* _DATA EXTRACTS_:
--------------------------------
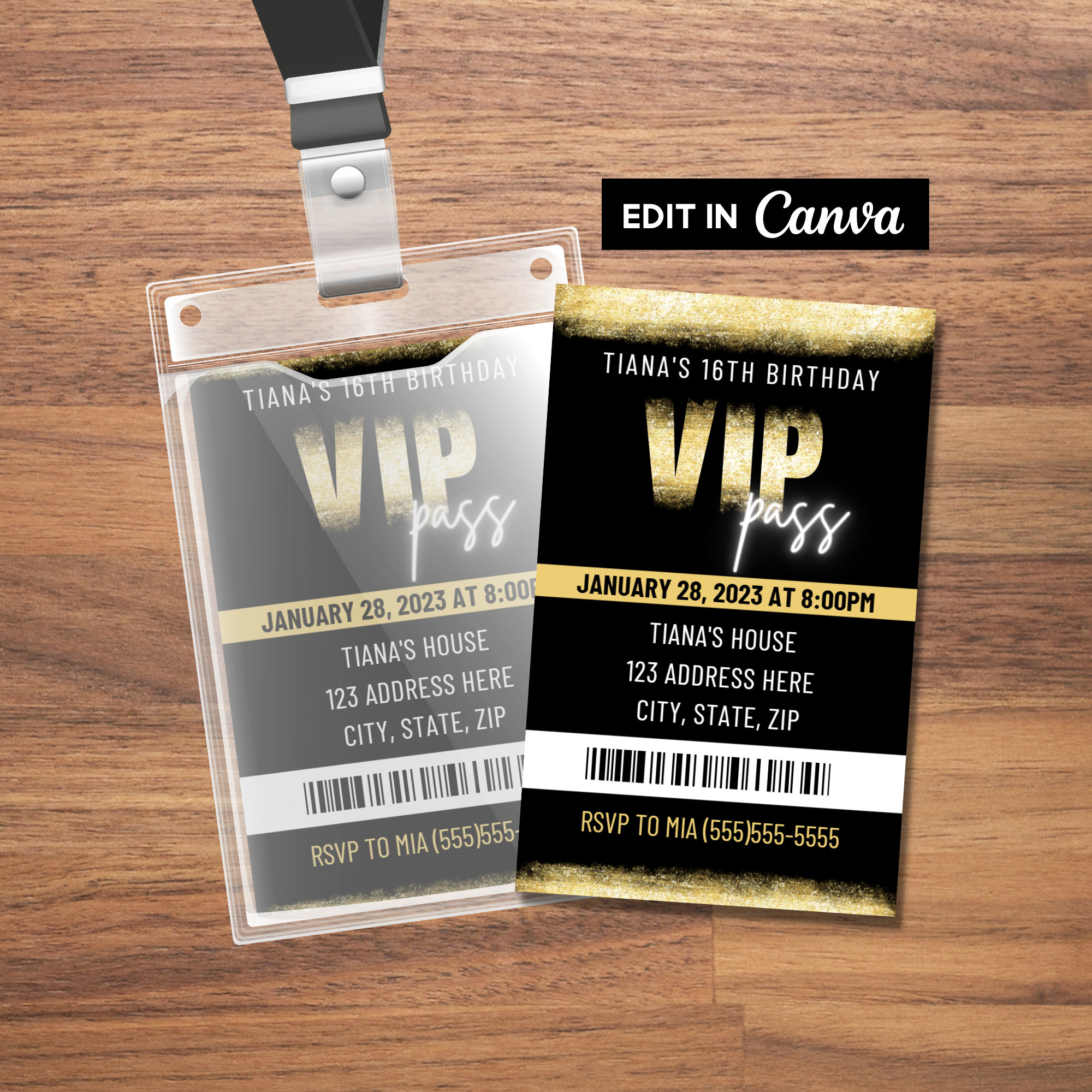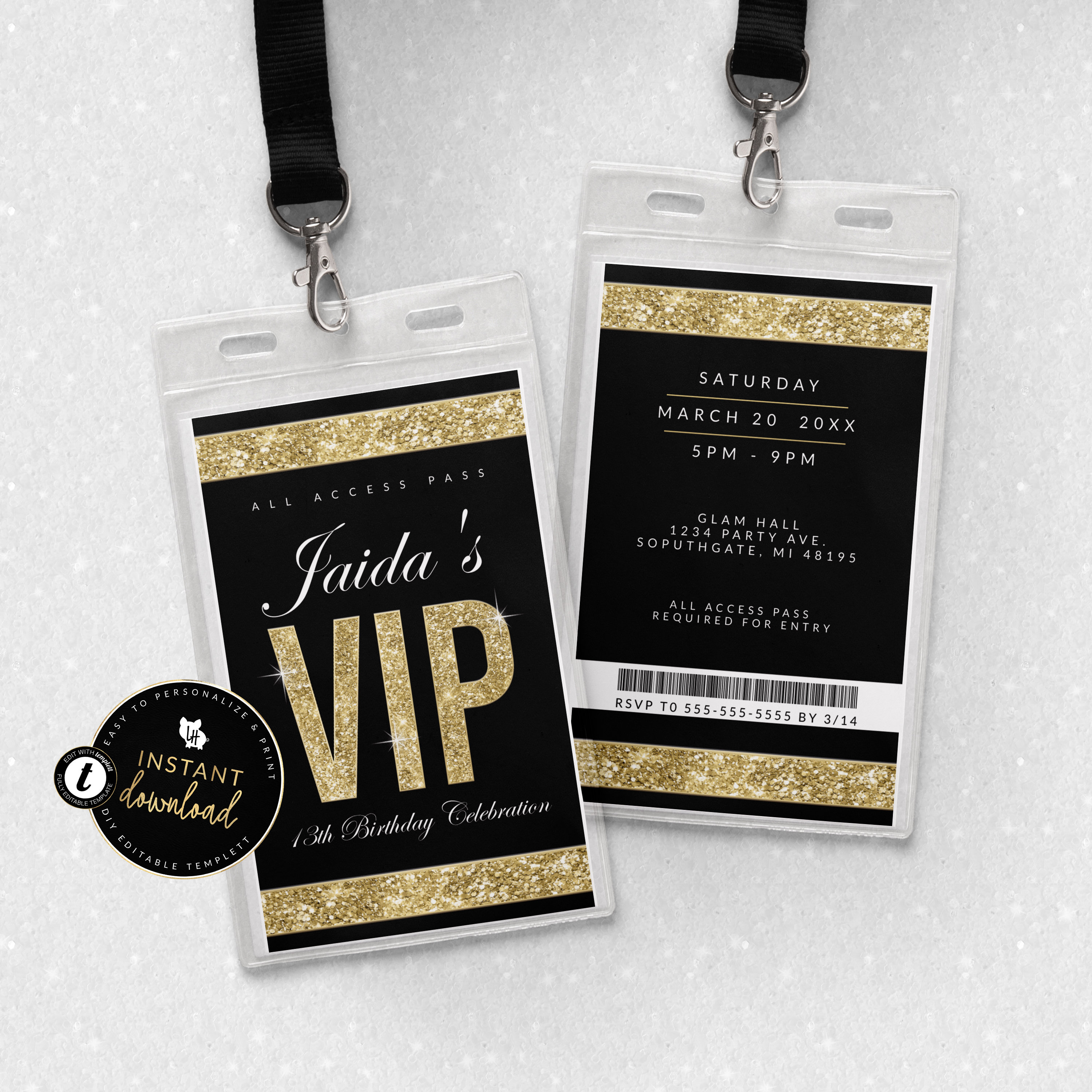 Editable VIP Invitation, Gold VIP Insert for Lanyard, VIP Pass Invi...
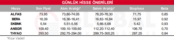 Bugün hareketli olmasını beklediğimiz hisseler: ALFAS, BERA, SKBNK, ANSGR, THYAO.
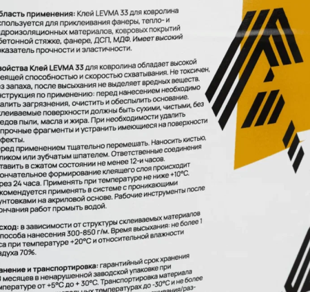 Клей Levma - Levma 33 7 кг (Для ковролина) 0005873 Цена 2490 ₽/шт. Levma Россия купить купить в один клик
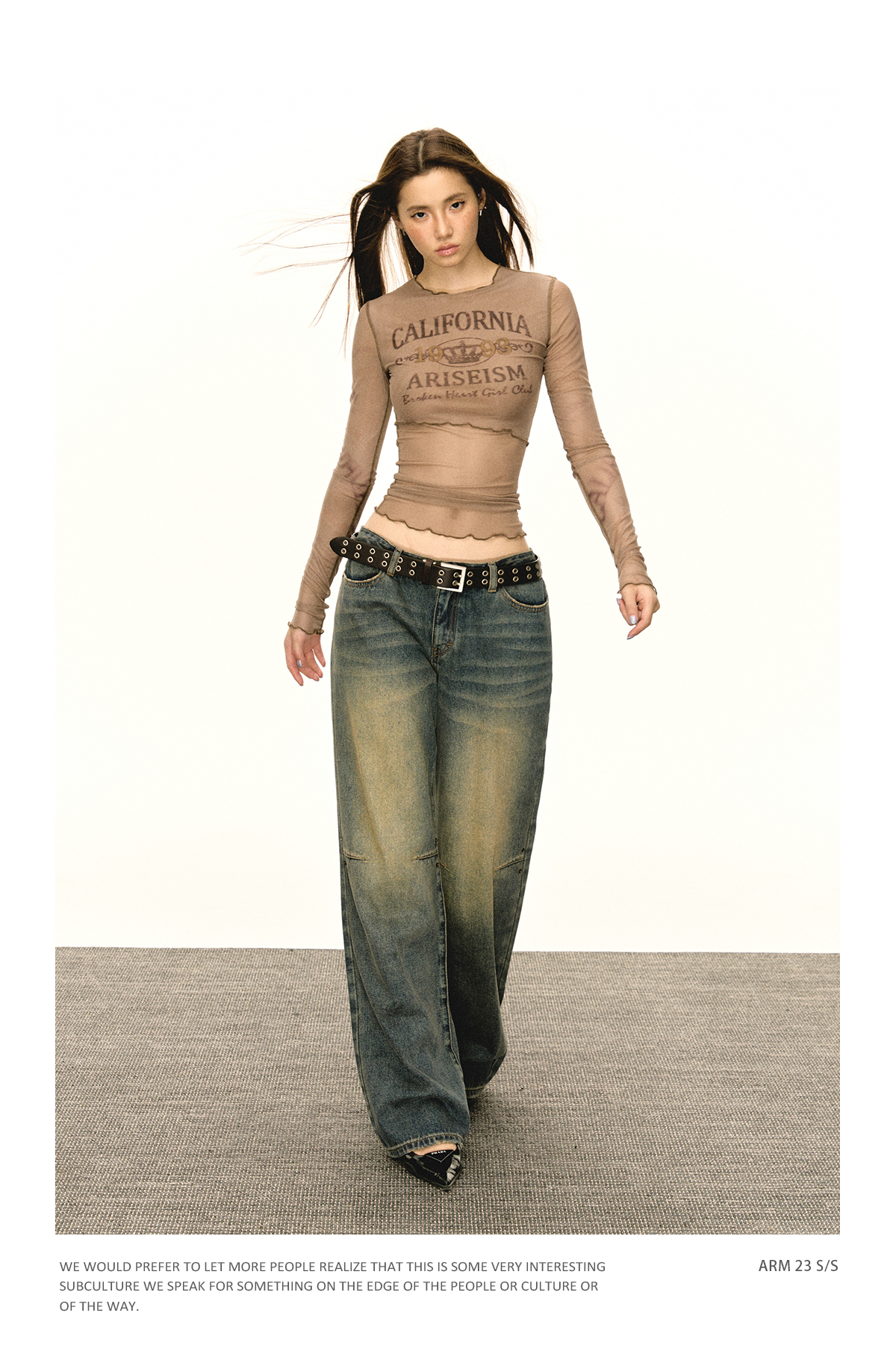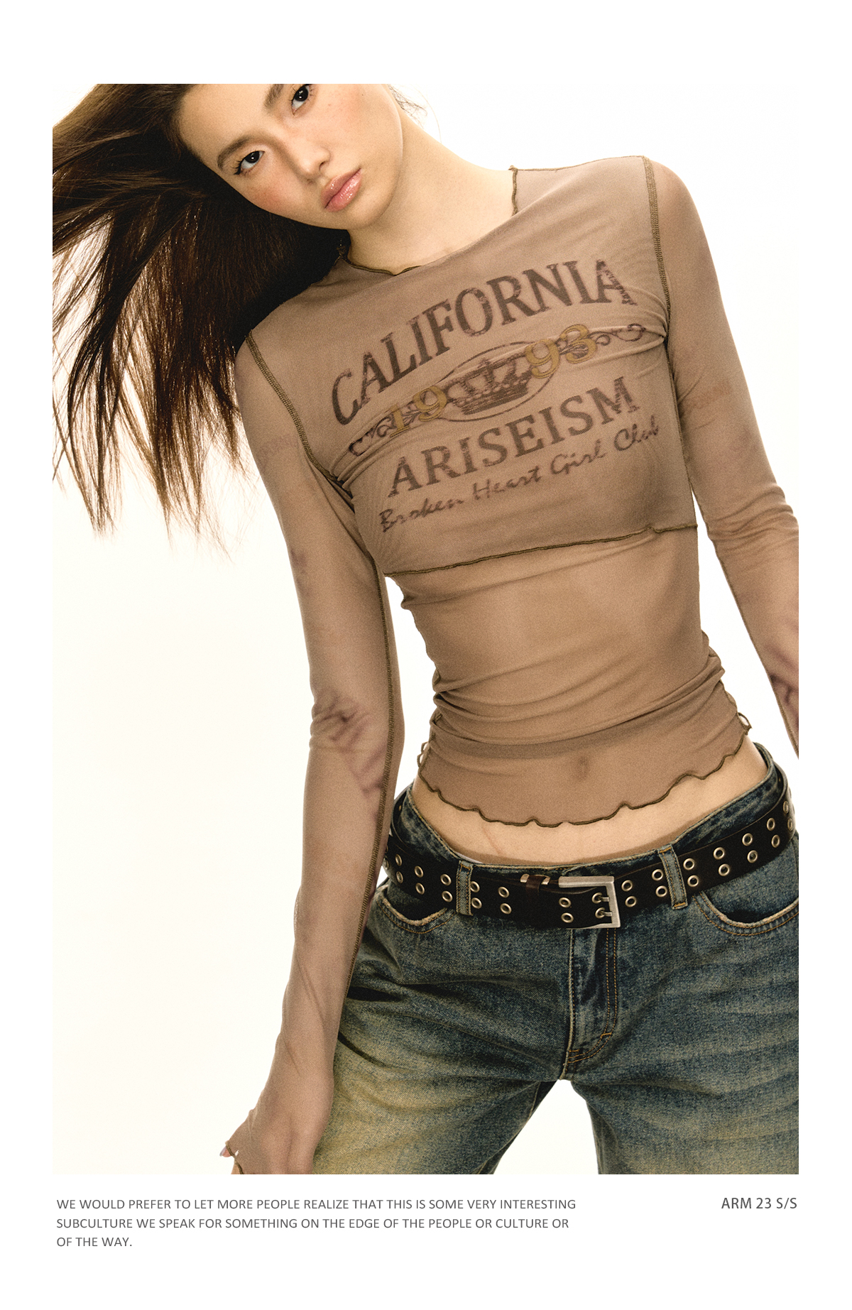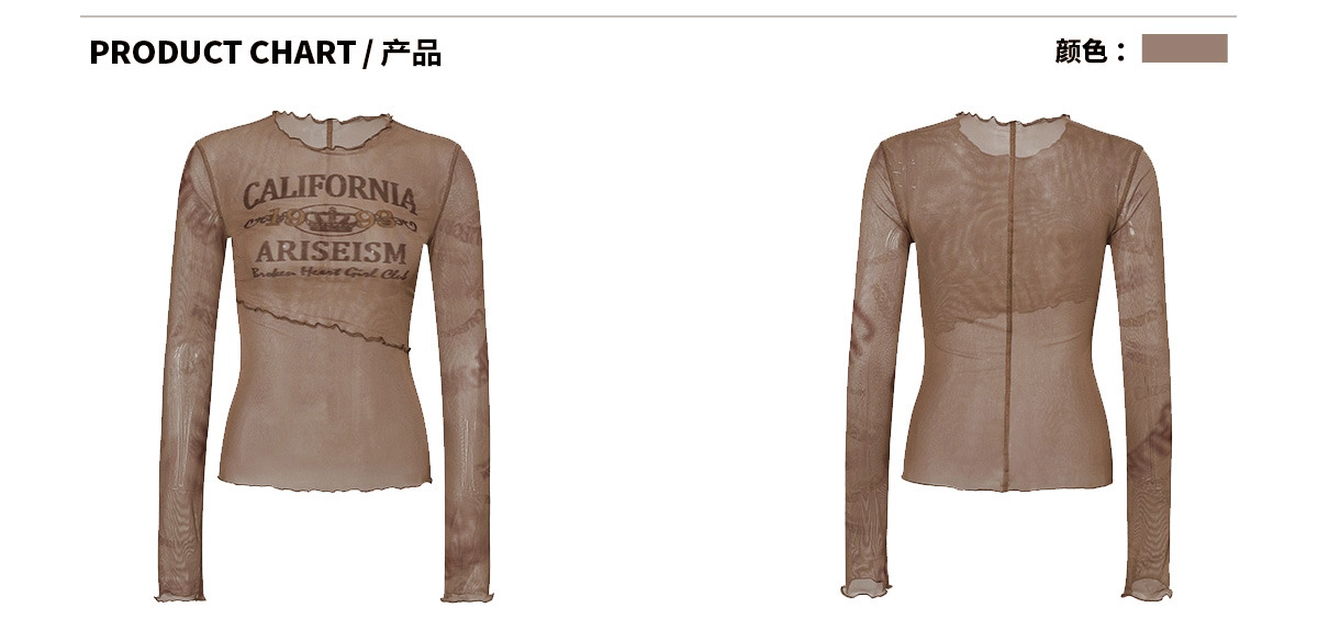 Ariseism 美式复古辣妹网纱长袖t恤女秋季新款紧身上衣内搭打底衫
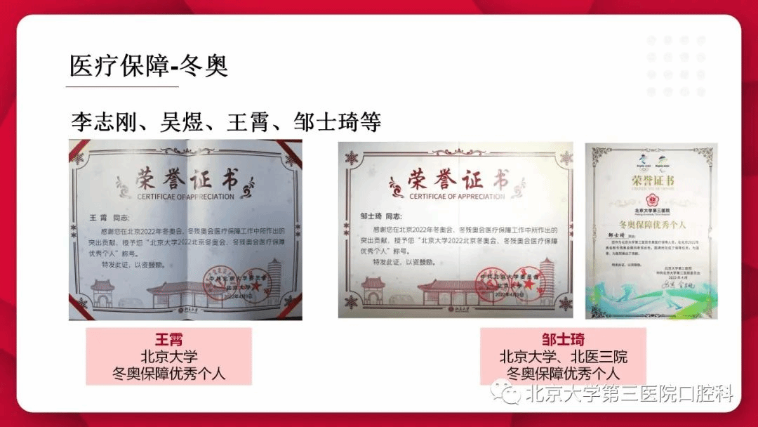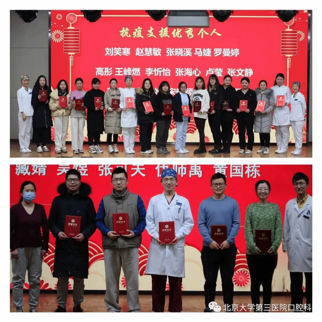 2022年是不平凡的一年,这一年我们直面疫情,有很多很多的不容易,带着一腔热忱的口腔科全体医务人员面对疫情从不曾懈怠与胆怯,承担起了作为一名公立医院医务工作者的社会责任,时刻冲在前线。不论是在北京市委组织的方舱支援、核酸支援及疫苗支援中,还是在冬奥医疗保障以及在北医三院院内支援中,我们口腔科人总是奋勇争先,不怕困难艰苦,勇于一线。
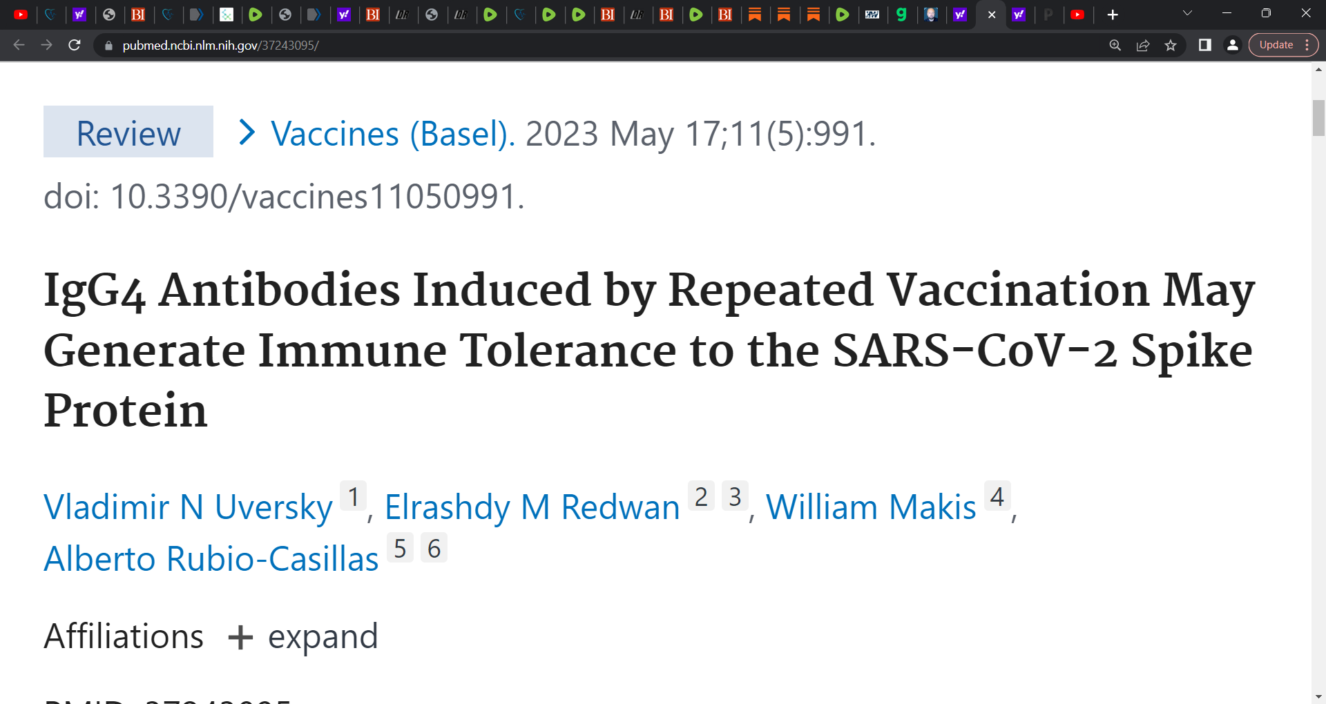 Did Uversky reveal catastrophic immune 'TOLERANCE' class switch to IgG4 Antibodies? Yes! 'IgG4 Antibodies Induced by Repeated Vaccination May Generate Immune Tolerance to the SARS-CoV-2 Spike Protein'
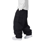 Diese Schneehose ist mit einem elastischen Bund, einem winddichten Taillenschutz, zwei schrägen Taschen mit Reißverschluss, zwei Gesäßtaschen und zwei Cargotaschen ausgestattet; die Innenseite der Oberschenkel ist mit einem Reißverschluss versehen, damit die kalte Luft zirkulieren kann.
--------------------------------
From the data above, return only the lines starting at the line that holds "Bugün hareketli olmasını" and ending at the line that holds "Ariseism 美式复古辣妹网纱长袖t恤女秋季新款紧身上衣内搭打底衫", word for word and without pictures.

* _TASK ANSWER_:
 Bugün hareketli olmasını beklediğimiz hisseler: ALFAS, BERA, SKBNK, ANSGR, THYAO.
 Клей Levma - Levma 33 7 кг (Для ковролина) 0005873 Цена 2490 ₽/шт. Levma Россия купить купить в один клик
 Ariseism 美式复古辣妹网纱长袖t恤女秋季新款紧身上衣内搭打底衫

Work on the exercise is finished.